◆ **RECORDED DATA**:
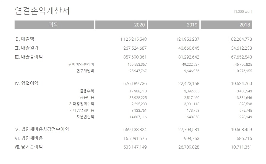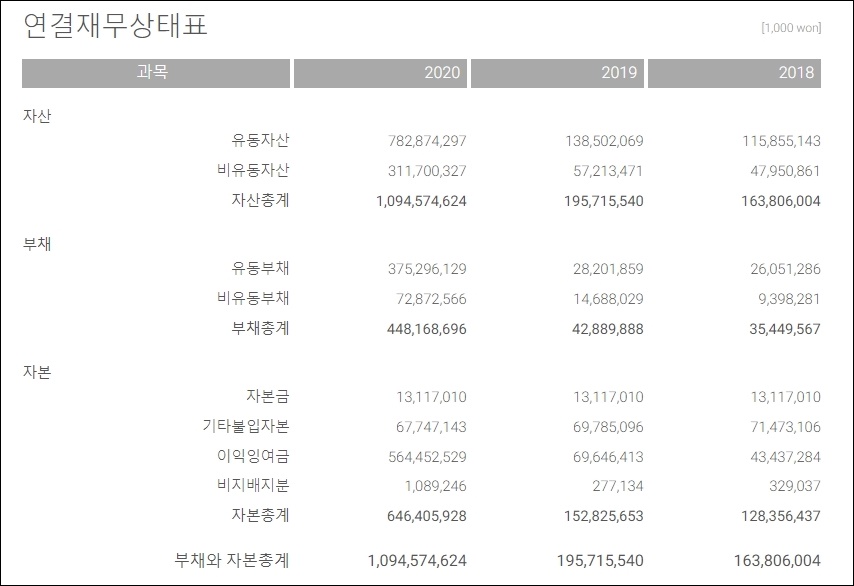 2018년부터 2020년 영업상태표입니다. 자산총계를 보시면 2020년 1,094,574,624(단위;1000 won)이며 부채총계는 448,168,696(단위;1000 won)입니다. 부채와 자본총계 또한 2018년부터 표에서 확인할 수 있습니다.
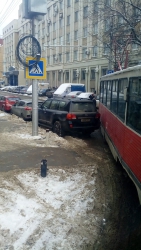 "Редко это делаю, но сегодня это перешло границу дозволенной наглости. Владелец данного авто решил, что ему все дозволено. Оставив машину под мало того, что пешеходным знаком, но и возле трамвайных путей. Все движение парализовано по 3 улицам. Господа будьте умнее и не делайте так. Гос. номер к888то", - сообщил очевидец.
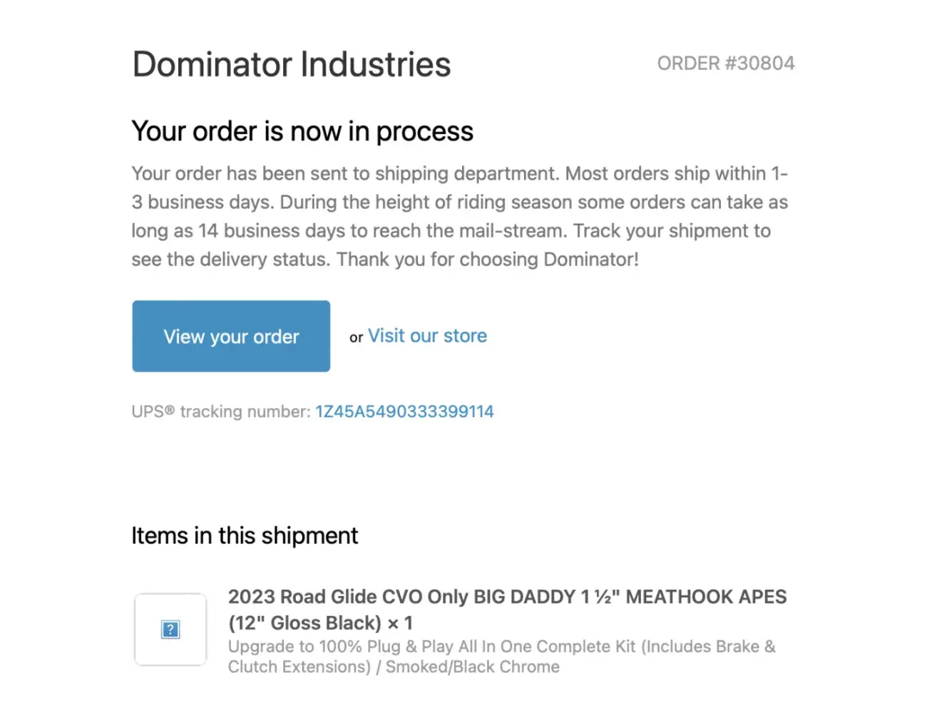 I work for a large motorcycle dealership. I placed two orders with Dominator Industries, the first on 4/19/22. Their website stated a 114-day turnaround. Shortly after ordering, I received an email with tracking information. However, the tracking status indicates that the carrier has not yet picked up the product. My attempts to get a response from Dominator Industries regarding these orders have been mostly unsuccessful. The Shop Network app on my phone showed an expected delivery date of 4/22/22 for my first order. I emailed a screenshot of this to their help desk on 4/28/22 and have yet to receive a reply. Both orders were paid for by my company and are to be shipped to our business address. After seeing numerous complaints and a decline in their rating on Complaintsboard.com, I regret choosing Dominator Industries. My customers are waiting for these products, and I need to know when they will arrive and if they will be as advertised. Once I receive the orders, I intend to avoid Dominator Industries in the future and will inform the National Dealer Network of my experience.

==

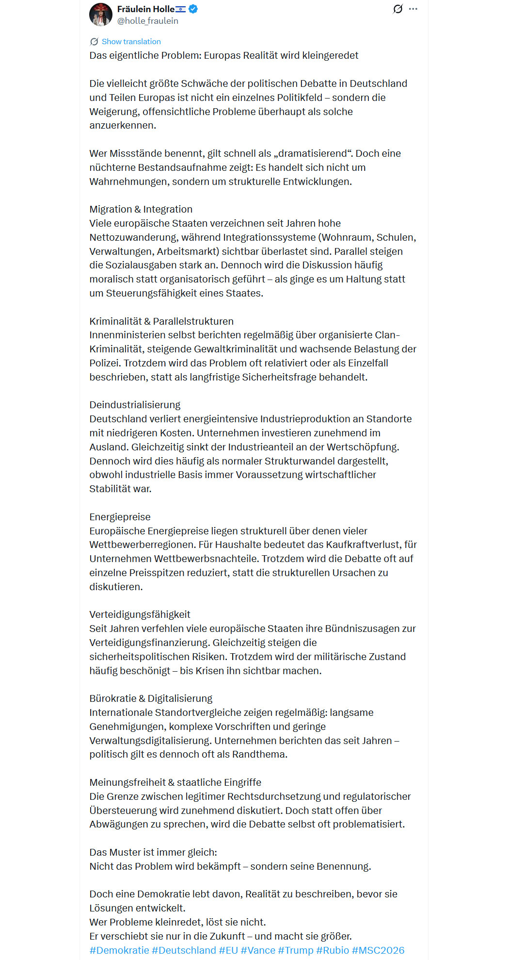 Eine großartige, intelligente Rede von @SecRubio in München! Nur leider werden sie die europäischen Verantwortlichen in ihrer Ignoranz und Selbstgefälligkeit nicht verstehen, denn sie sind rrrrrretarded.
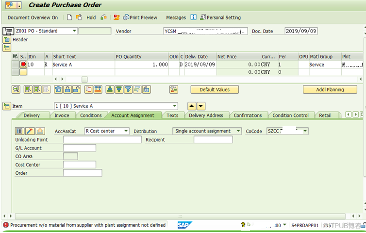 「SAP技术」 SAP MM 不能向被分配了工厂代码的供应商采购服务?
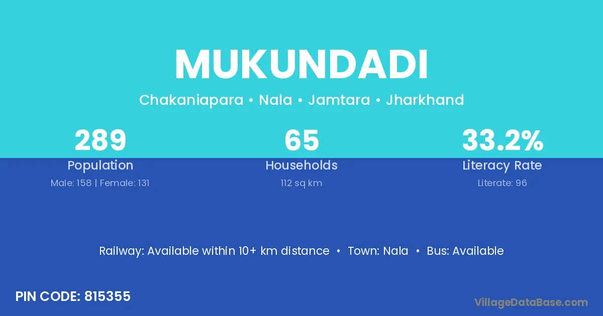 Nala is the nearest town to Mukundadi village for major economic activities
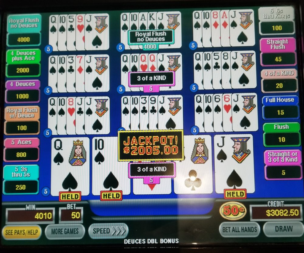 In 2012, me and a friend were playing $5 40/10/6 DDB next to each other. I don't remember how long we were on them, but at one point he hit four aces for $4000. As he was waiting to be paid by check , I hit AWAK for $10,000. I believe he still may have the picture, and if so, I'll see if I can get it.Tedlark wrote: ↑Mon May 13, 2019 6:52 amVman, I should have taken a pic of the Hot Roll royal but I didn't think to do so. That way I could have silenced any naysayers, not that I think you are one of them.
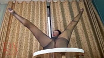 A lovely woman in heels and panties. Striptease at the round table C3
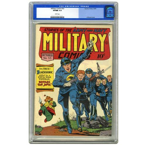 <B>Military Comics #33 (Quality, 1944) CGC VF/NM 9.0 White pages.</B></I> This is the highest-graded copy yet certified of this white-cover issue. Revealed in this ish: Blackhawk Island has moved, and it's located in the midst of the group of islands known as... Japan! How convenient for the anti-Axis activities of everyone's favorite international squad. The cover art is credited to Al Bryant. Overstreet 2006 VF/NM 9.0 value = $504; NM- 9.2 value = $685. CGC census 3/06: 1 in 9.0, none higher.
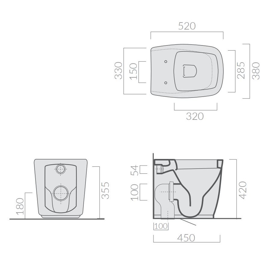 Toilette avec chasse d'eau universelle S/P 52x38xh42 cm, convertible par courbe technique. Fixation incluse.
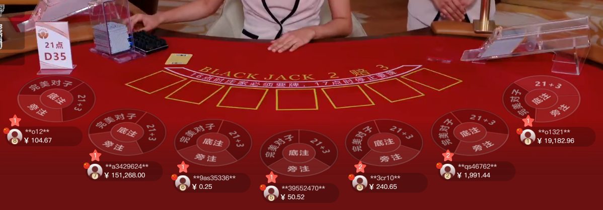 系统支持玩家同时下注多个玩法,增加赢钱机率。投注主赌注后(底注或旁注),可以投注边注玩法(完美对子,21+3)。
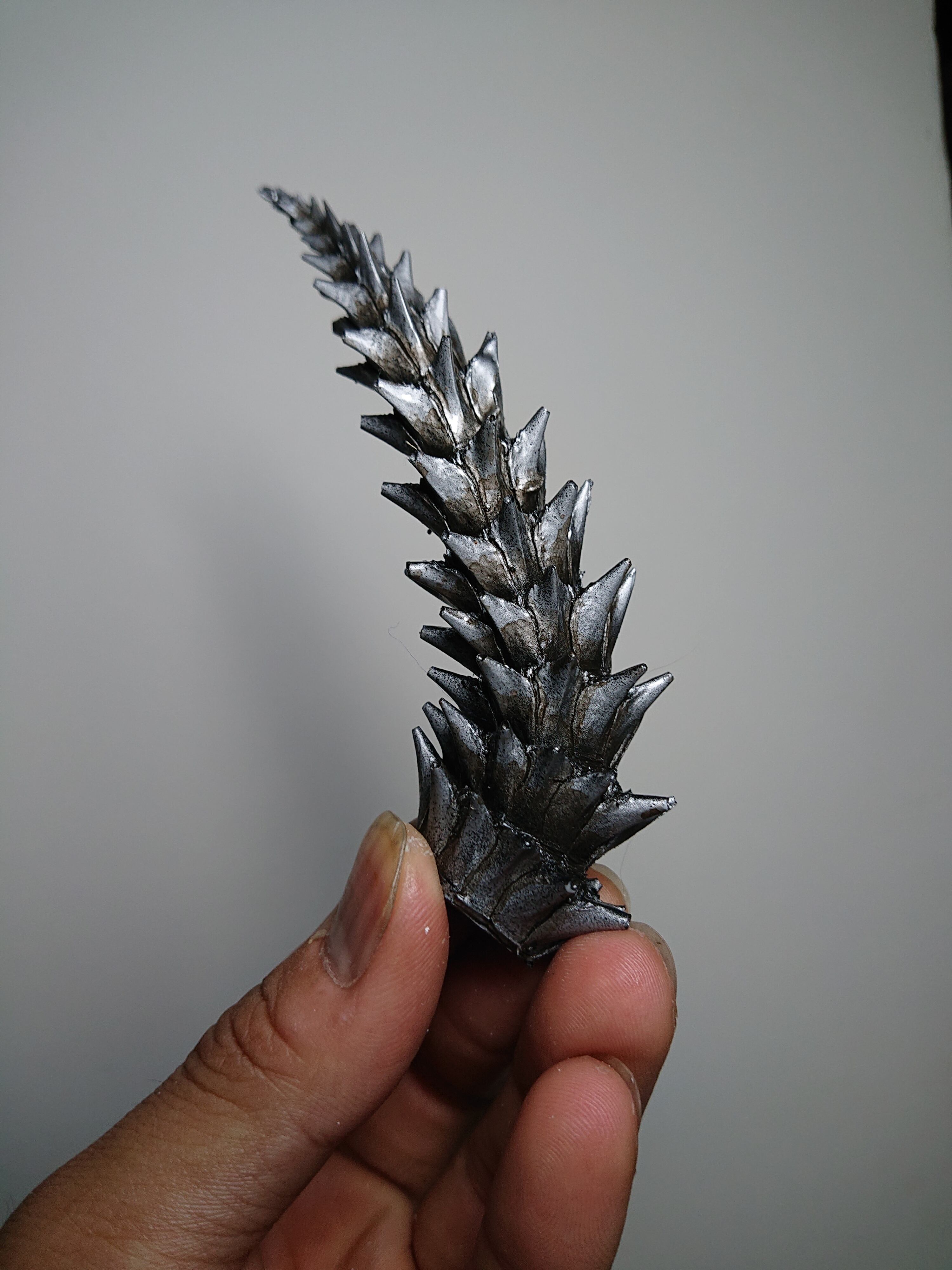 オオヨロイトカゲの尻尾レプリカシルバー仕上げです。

==

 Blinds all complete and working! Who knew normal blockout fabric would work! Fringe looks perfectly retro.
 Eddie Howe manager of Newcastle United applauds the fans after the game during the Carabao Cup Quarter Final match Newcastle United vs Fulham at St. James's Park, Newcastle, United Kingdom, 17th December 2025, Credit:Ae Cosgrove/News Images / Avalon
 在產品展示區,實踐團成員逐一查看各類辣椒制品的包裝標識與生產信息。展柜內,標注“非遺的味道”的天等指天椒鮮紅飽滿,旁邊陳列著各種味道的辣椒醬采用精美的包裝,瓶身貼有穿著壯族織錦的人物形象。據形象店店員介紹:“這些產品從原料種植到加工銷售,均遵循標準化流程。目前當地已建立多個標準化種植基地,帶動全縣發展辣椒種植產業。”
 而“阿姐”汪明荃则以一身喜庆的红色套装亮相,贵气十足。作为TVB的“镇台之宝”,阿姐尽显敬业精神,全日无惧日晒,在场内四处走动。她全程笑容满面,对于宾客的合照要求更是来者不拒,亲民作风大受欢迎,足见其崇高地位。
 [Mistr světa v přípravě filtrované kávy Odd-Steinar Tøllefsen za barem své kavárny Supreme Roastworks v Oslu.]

◆ **EXERCISE PROMPT**: Among the entries above, copy exactly the stretch from the line holding "2018년부터 2020년 영업상태표입니다." through the line holding "I work for a", leaving out any pictures.

◆ **OUTPUT OF THE TASK**:
 2018년부터 2020년 영업상태표입니다. 자산총계를 보시면 2020년 1,094,574,624(단위;1000 won)이며 부채총계는 448,168,696(단위;1000 won)입니다. 부채와 자본총계 또한 2018년부터 표에서 확인할 수 있습니다.
 "Редко это делаю, но сегодня это перешло границу дозволенной наглости. Владелец данного авто решил, что ему все дозволено. Оставив машину под мало того, что пешеходным знаком, но и возле трамвайных путей. Все движение парализовано по 3 улицам. Господа будьте умнее и не делайте так. Гос. номер к888то", - сообщил очевидец.
 I work for a large motorcycle dealership. I placed two orders with Dominator Industries, the first on 4/19/22. Their website stated a 114-day turnaround. Shortly after ordering, I received an email with tracking information. However, the tracking status indicates that the carrier has not yet picked up the product. My attempts to get a response from Dominator Industries regarding these orders have been mostly unsuccessful. The Shop Network app on my phone showed an expected delivery date of 4/22/22 for my first order. I emailed a screenshot of this to their help desk on 4/28/22 and have yet to receive a reply. Both orders were paid for by my company and are to be shipped to our business address. After seeing numerous complaints and a decline in their rating on Complaintsboard.com, I regret choosing Dominator Industries. My customers are waiting for these products, and I need to know when they will arrive and if they will be as advertised. Once I receive the orders, I intend to avoid Dominator Industries in the future and will inform the National Dealer Network of my experience.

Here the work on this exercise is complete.